We prove that any background-inert perturbative coupling $ \lambda $ in coincident $ f(Q) $ gravity exhibits a degeneracy with the clustering amplitude $ \sigma_{80} $, when using compressed CMB distance priors. This degeneracy is, in fact, a direct materialization of a more deeper $ A_s-D_0(\lambda) $ degeneracy between the primordial amplitude $ A_s $ and the present day growth factor $ D_0(\lambda) $. We outline a consistency check scheme, applicable to models even outside the $ f(Q) $ class, by computing $ A_s $ needed to reproduce the $ \sigma_{80} $ predicted by the sampler. We perform our analysis with two dataset pipelines, based on the coupled/decoupled $ f\sigma_8(z) $ data. To ensure theoretical diversity, we include $ \Lambda $CDM and the Hybrid model in the $ f(Q) $ framework. Our results illustrate that adding the $ \lambda_0\sqrt{QQ_0} $ correction to the models inflates $ \sigma_{80} $ to unphysical values, while showing moderate evidence in favor of the said models. However, this results in an increase of $ 20\%-30\% $ in $ A_s $ in $ 1.7\sigma-2.2\sigma $ tension with Planck values. We utilize the $ 1\sigma $ $ \ln(A_s) $ constraints from Planck as priors in order to fix the artificial increase in $ \sigma_{80} $ and find that all the constrained parameters return to their baseline values. Each model is penalized by around $ 2 $ units per extra parameter. Interestingly, the $ \Lambda $CDM$ +\lambda_0+\ln(A_s) $ + SDSS DR16 combination shows a weak preference over the vanilla $ \Lambda $CDM model, validated by the values of $ \log\mathcal{Z},\;AIC,\;DIC, $ and BIC.

Editorial analysis

A structured set of objections, weighed in public.

Desk editor's note, referee report, simulated authors' rebuttal, and a circularity audit. Tearing a paper down is the easy half of reading it; the pith above is the substance, this is the friction.

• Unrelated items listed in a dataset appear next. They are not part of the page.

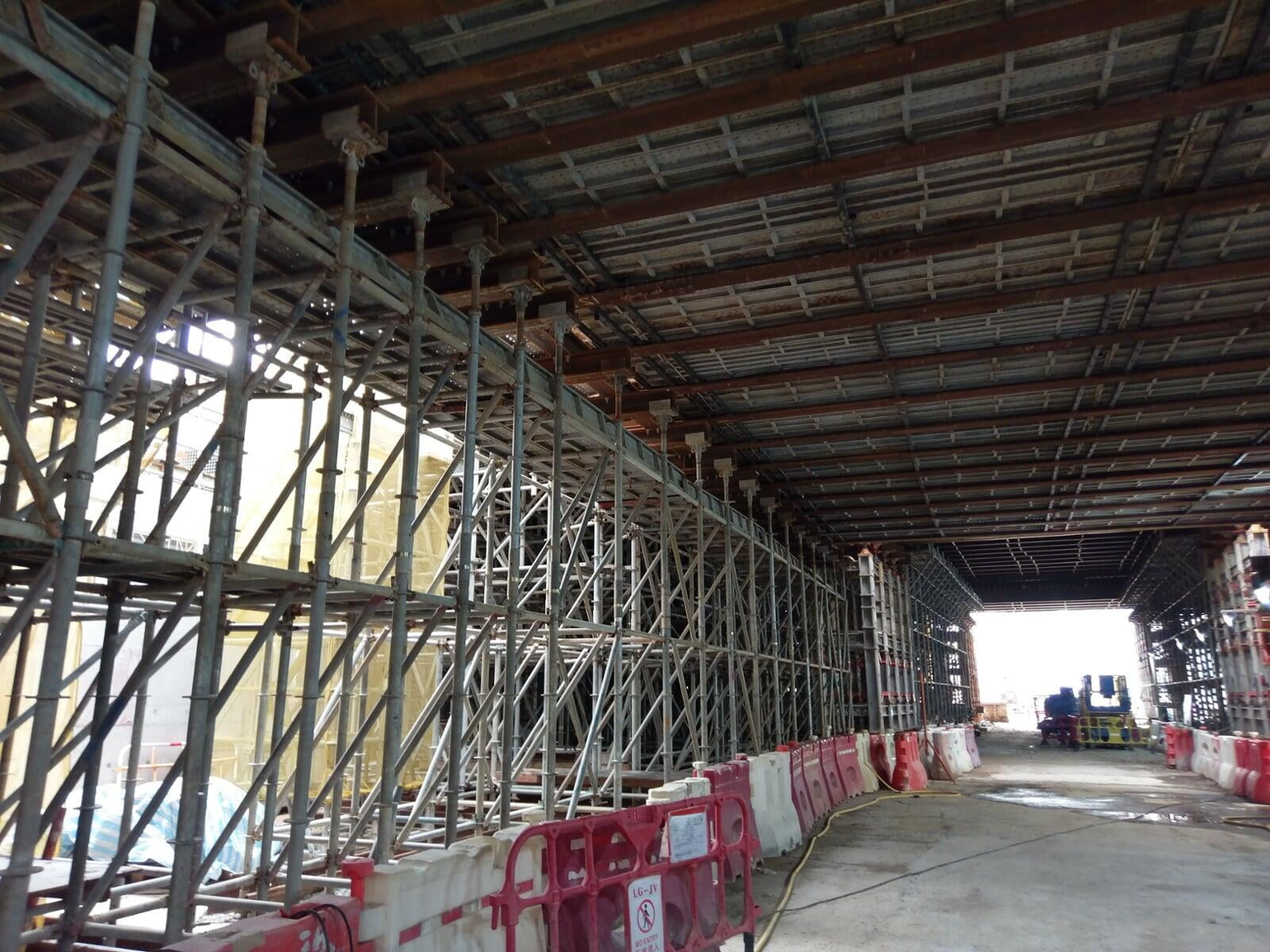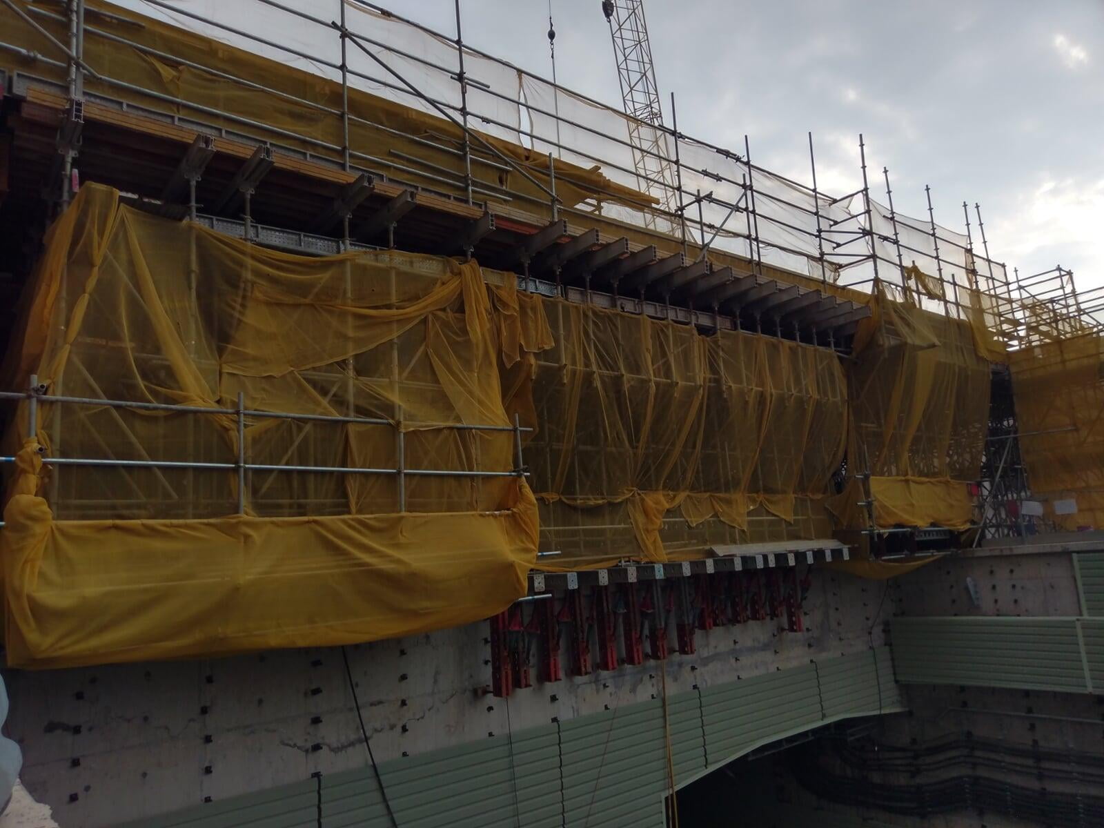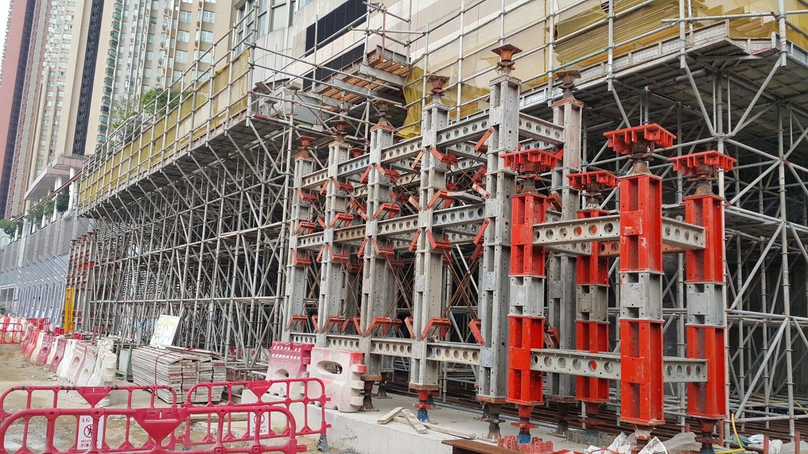 We were one of the three main scaffolding companies for Express Railway project. The project is on a lump sum basis with daywork for all variations. Our total contract value for this project was around HK$64 million. We have done virtually all forms of scaffolding for this job. We used ring lock system to provide access platform for steel-fixers, carpenters and concreters. We erected ad-hoc access towers, walkways, portals etc. using tube and fitting. We used ring lock and RMD system to erect falsework to offer shoring support for bridge and road constructions.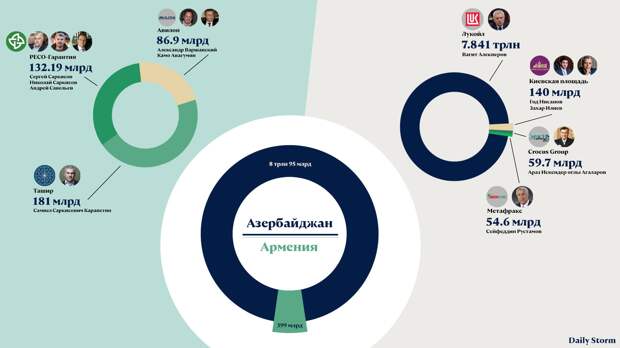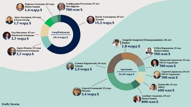 Российские миллиардеры армянского и азербайджанского происхождения оказались втянуты в конфликт в Нагорном Карабахе: одни бизнесмены просят помощи у Путина, другие — финансируют военных. Для многих из них Россия — вторая родина. Их компании добывают нефть, предпринимателям принадлежат сети продуктовых магазинов, ТЦ и автодилерские центры. Daily Storm подсчитал, сколько компаний из рейтинга Forbes принадлежит представителям диаспор, и выяснил, у кого денег больше — у азербайджанцев или у армян.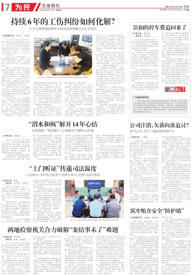 2025年4月,江苏省无锡市、江阴市两级检察机关上下联动,以新时代“枫桥经验”为指引,成功化解一起历时6年的工伤保险待遇纠纷。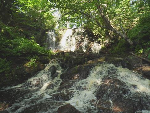 When you reach the split in the trail, (located at 47°10.377’ N, 088°26.894’ W) you will follow it upstream, to the right, to view the Upper Falls. Following the trail downstream, to the left, will allow you to view some more of the geology along the trail, which includes two more waterfalls – bonus!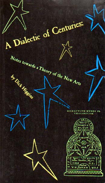 Higgins, Dick: A Dialectic of Centuries. Notes Towards a Theory of the New Arts. First printing , August 1978. New York & Barton, Vermont. Printed Editions. 1978. 24 x 14 S. 166 S., 7 Blatt. OLeinen mit OUmschlag. OUmschlag am oberen und unteren Steg etwas berieben und minimal läsiert, ein kleiner sauber hinterlegter Einriss. Sonst gutes Exemplar. Erste Ausgabe. Text in Englisch. Auf dem Zwischentitel handschriftlich von Dick Higgins in Kugelschreiber signiert.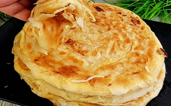 Покрываем ее сверху растопленным сливочным маслом, затем каждую лепешку складываем в полоску и полоски накладываем друг на друга.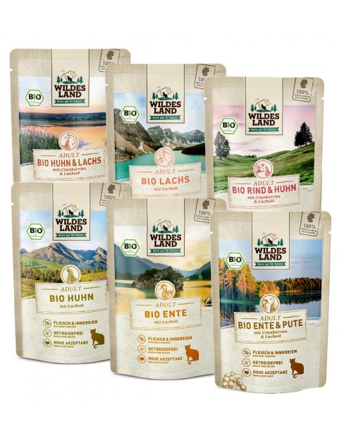 100% natury, 100% smaku – czysta przyjemność w ekologicznej formie! Wildes Land Bio Pouch Trial Box to zestaw sześciu pełnoporcjowych, organicznych karm mokrych dla dorosłych kotów. Każda saszetka to porcja zdrowia i naturalnego smaku, przygotowana z minimum 76% mięsa i podrobów pochodzących z certyfikowanych upraw ekologicznych. Dodatek oleju z łososia zapewnia błyszczącą sierść i wspiera odporność, a delikatna obróbka składników gwarantuje doskonałą tolerancję nawet u kotów wrażliwych.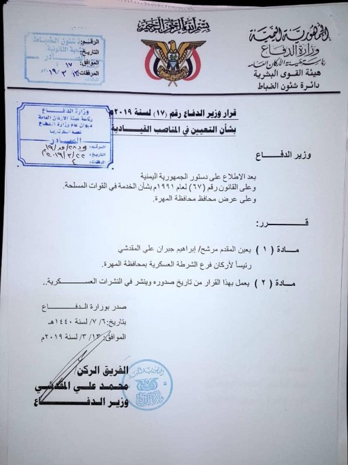 اصدر وزير الدفاع اليمني محمد علي المقدشي مطلع الٱسبوع الجاري قرارا رقم ١٧ لعام ٢٠١٩م قضى بتعيين احد اقربائه رئيساً لاركان الشرطة العسكرية بفرع المهرة دون ان يكون عسكريا ويحمل رتبه مزورة ويعمل بحسب مصادر بائع قات وليس من منتسبي وزارة الدفاع وفيما يلي نص القرار الذي حصلنا على صورة منه :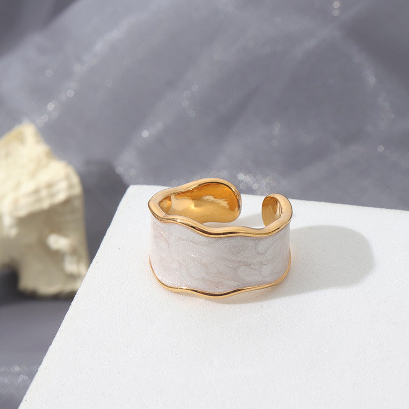 Retro Irregular Drip Glaze Ring OpeningSize Adjustable Vacuum Plating 18K Real Gold Electroplating Metal Finish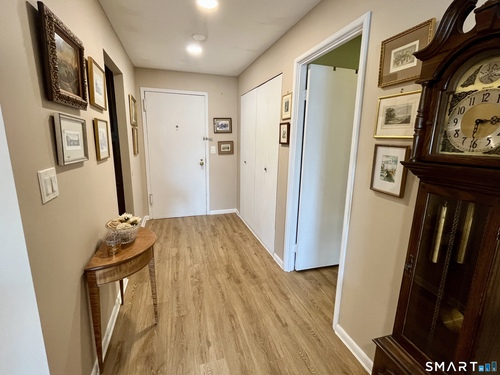 Enjoy the best of coastal Connecticut in this beautifully remodeled 1-bedroom, 1-bath ranch-style unit in Tide Harbor, a condominium complex perfectly situated along the scenic Housatonic River. This delightful home offers an open-concept living & dining room combination with sliders leading to a private balcony showcasing peaceful water views ideal for both relaxing and entertaining. The striking new eat-in kitchen boasts handsome maple cabinetry, granite countertops, soft-close drawers, a lazy susan, pull-out garbage, garbage disposal, tile backsplash, breakfast bar, & newer GE appliances in 2022 combining style & functionality. A spacious primary bedroom with walk-in closet & a full bath with double sinks and bathtub complete the thoughtfully designed layout. Additional highlights include striking and easy to maintain luxury vinyl flooring, a welcoming foyer with double entry closet, generous room sizes, an abundance of new recessed lighting, new energy-efficient TP windows and sliders in 2022, & a new Rheem water heater. Residents enjoy the convenience of a common laundry on each floor, shared basement storage, & one assigned parking space along with ample parking for guests. Close to shopping, restaurants, the train station & major commuting routes offering comfort and convenience to its residents. Just minutes away is the charming Lordship area known for its beautiful coastline, scenic seawall, golf course, & nearby beaches perfect or morning walks & sunset views.

Desk Editor's Note private letter to a colleague

The paper flags a practical As-D0 degeneracy in background-inert f(Q) models that appears as λ-σ80 tension under compressed CMB priors, with a simple consistency check to diagnose it.

read the letter

Hi, the main point is that any background-inert perturbative λ in coincident f(Q) gravity creates a degeneracy with σ80 when you fit using compressed CMB distance priors, and this is really just the visible part of a deeper As-D0(λ) degeneracy. They lay out a consistency check that recomputes the As value needed to match the sampler's σ80 output, and they test it on LambdaCDM plus λ and a hybrid f(Q) model with two fσ8 pipelines. Adding the λ0 sqrt(Q Q0) term inflates σ80 to unphysical levels and shifts As up 20-30% into 1.7-2.2σ tension with Planck, but imposing the ln(As) prior from Planck brings everything back to baseline, and the model selection metrics (logZ, AIC, DIC, BIC) show a mild preference for the extended LambdaCDM+λ+ln(As) combo despite the extra-parameter penalty. What they do well is make the degeneracy explicit for this class of models and give a reusable check that could apply outside f(Q). The soft spot is the dependence on compressed priors: if the full Planck likelihood carries growth or background correlations that lift the degeneracy, the numerical results and the claimed generality do not carry over. The abstract calls it a proof, so the derivation needs to be checked for how tightly it assumes the background-inert condition and the prior compression. This is useful for people fitting modified gravity to clustering data who want to avoid misreading σ80 tensions. It is coherent enough on its own terms to deserve referee time, even if the full-likelihood test is still needed.

Referee Report

3 major / 2 minor

Summary. The paper proves that any background-inert perturbative coupling λ in coincident f(Q) gravity exhibits a degeneracy with the clustering amplitude σ80 when using compressed CMB distance priors; this is presented as a direct consequence of a deeper As-D0(λ) degeneracy. It introduces a consistency-check scheme that recomputes the As value needed to reproduce the sampler's σ80 prediction, applies the analysis to ΛCDM and a Hybrid f(Q) model using two fσ8 pipelines (coupled/decoupled), reports that the λ0√(QQ0) correction inflates σ80 to unphysical values while producing 20-30% As shifts in 1.7-2.2σ tension with Planck, and shows that imposing 1σ ln(As) priors restores baseline parameter values. Model-selection metrics (logZ, AIC, DIC, BIC) penalize each model by ~2 units per extra parameter, with a weak preference noted for one ΛCDM+λ0+ln(As)+SDSS DR16 combination.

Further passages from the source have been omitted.